I never got an unobstructed view of it. After chewing some vegetation there, I assume soft stuff it brought up from the bottom, it dove and swam away under water. I waited for it to resurface but I didn’t see it, nor hear it. I have not seen a muskrat here nor signs of a muskrat, other than three lodges that I discovered when I could walk on the ice, since the late fall. Seeing a mink run around the pond, on the ice and under the ice, all winter with impunity, I assumed all the muskrats here had been eaten. So now all the leaves pushed up on the shore were more likely pushed up by that muskrat than any beaver. However, down next to the shore, just below the latrine, I saw that a beaver had built up the scent mound there, pushing up and shaping more dead leaves and mud.





Muskrats generally don’t make such a large statement. I headed down to the dam where I didn’t have to go far to see that a beaver pushed up some fresh mud.





Having seen no fresh otter signs, there was no reason to check the Lost Swamp Pond, and more reason to check Meander Pond, Audubon Pond and the otter latrines on South Bay to see if there were otter signs there. I went back up the ridge on the East Trail, and noticed that the beavers’ off and on gnawing on the big oak just up from the shore had put that oak on the verge of falling over.





And while up on the ridge, I saw the muskrat again, swimming toward the lodge. It splashed its tail there which encouraged me to think that there might have been another muskrat swimming around, but I didn’t see one. The muskrat I saw swam into another clump of shrubs and I could no longer see it. I headed off up the trail and walked around Thicket Pond and checked the ancient beaver/otter path between that pond and Meander Pond. I occasionally see otter scats there and I have this wild idea that an otter mother uses Thicket Pond to birth and raise her pups. I didn’t see any scats today and no evidence that the trail had been used recently. Audubon Pond is still mostly covered with rotting ice. However, there is open water on the west end, where the ice was most exposed to the sun, and I saw that a beaver had come over there and cut a branch off the shag-bark hickory windfall.





As has been the case in the 15 or so winters that I have watched beavers here, the beavers lived off the cache they stored around their lodge. As the ice rotted, large stripped logs made a ghostly appearance in the water.





These large logs were several yards from the bank lodge entrance. There were smaller logs and sticks around the lodge, and many of them not stripped.





Most of what the beavers stored for the winter was never apparent to me. They must have anchored the big logs on the pond bottom well under the ice. The smallest sticks were nearest to the shore, most unstripped, and on the mud there I saw an opened clam shell.
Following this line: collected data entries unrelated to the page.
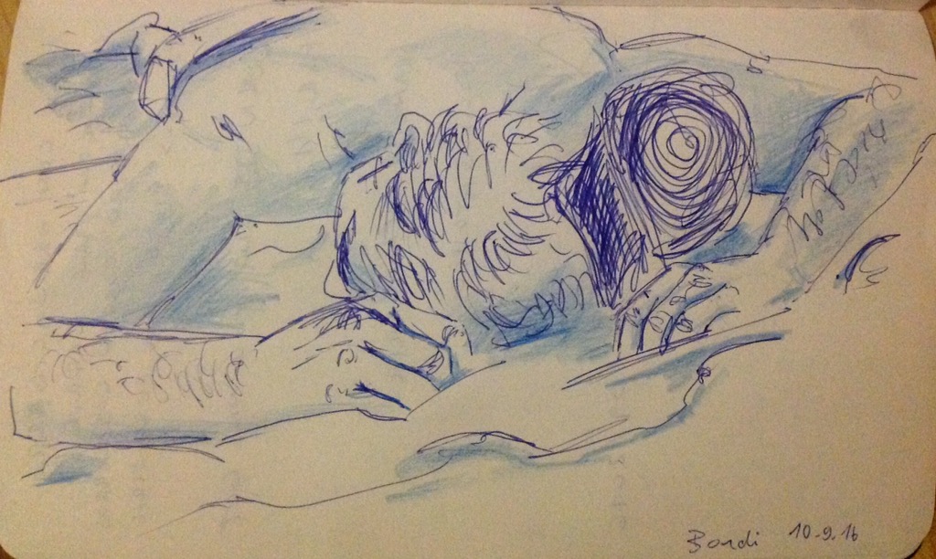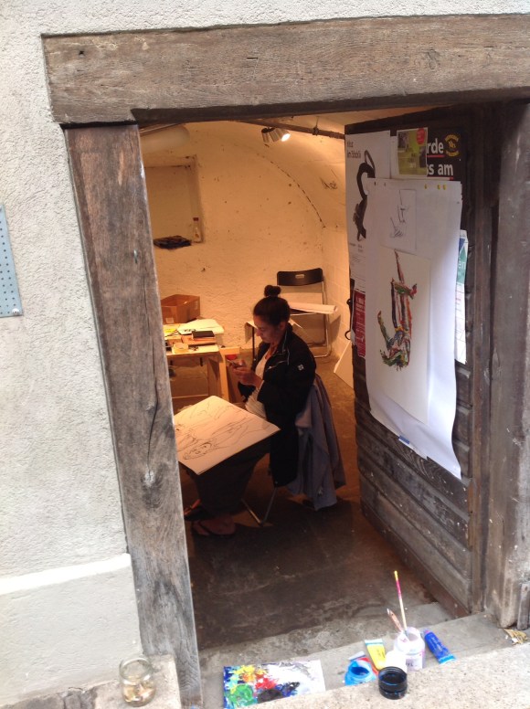 Vom 7. bis 11. August wurde der Keller von mir und Valerie Gurtner als Atelier genutzt. Wir zeichneten vor allem Akte und Portraits. Am Donnerstag war das Atelier offen für alle und es wurde gemeinsam unter „Trinkä u Zeichnä“ gestaltet. Am Freitag folgte die Vernissage mit musikalischer Begleitung des Duos Jona und Kathrin.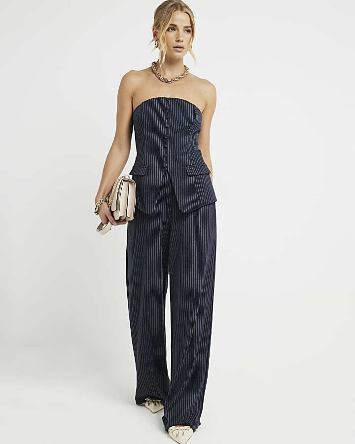 Navy stripe wide leg trousers River Island Very well made.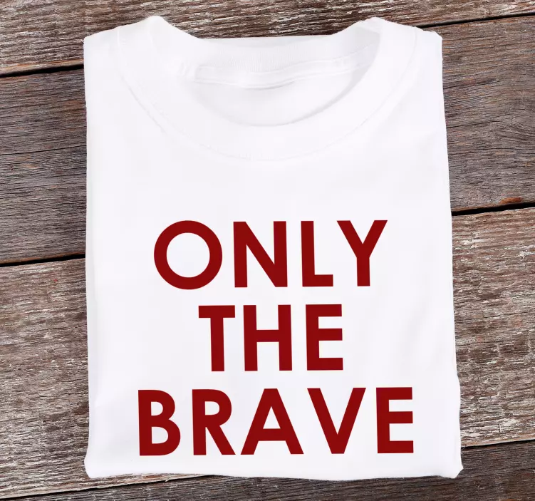 이 디자인은 용기를 강조하는 굵은 텍스트 문구를 특징으로 합니다. 강렬한 타이포그래피가 시선을 사로잡고 용기의 메시지를 전달합니다. 힘을 표현하기에 이상적이며, 강렬한 문구를 선호하는 사람들과 공감하는 작품입니다.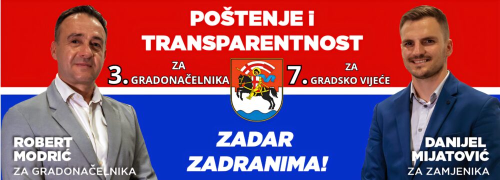 Danas, s istim osjećajem odgovornosti i predanosti, Robert Modrić kandidira se za gradonačelnika Zadra, odlučan u namjeri da se bori za pošteniji, pravedniji i dostojanstveniji život svih građana.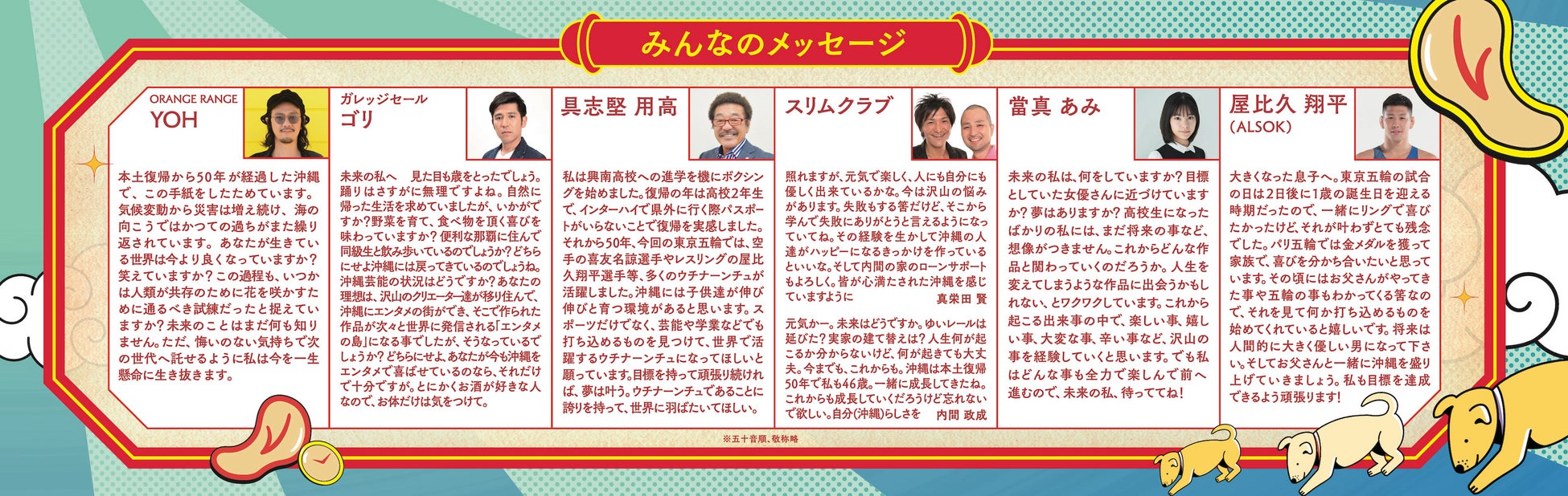 沖縄出身の具志堅用高さんやORANGE RANGEや総勢7名の著名人のメッセージも公開!

A muskrat could have left that after eating the clam, or a beaver dredged up it up. Only once over 15 years of watching beavers here did I get an impression that beavers might enjoy gnawing on a clam shell. I heard a crunch in a lodge, but I’ve never seen shells broken the way I imagine a beaver might do it. Muskrats have a deft touch and perfectly shaped snout for getting into clams. Seeing the stripped logs from beavers’ winter meals is one of the joys of spring. In some ponds where the beavers were many, I’ve seen jams of stripped logs. I was struck by how much bark was left on logs that these beavers’ cached.
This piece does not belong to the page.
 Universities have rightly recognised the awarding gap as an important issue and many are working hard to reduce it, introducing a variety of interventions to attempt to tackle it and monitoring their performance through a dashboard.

This could be because there were only two beavers eating out of the cache, or because the shag-bark hickory logs and other logs that they collected in their cache are not that palatable. There was nothing new at the South Bay otter latrines, and with all the ice gone, nothing of note on South Bay. We are going south for two weeks so in a way I am glad we had an early Spring so that I can say my winter tracking is completed.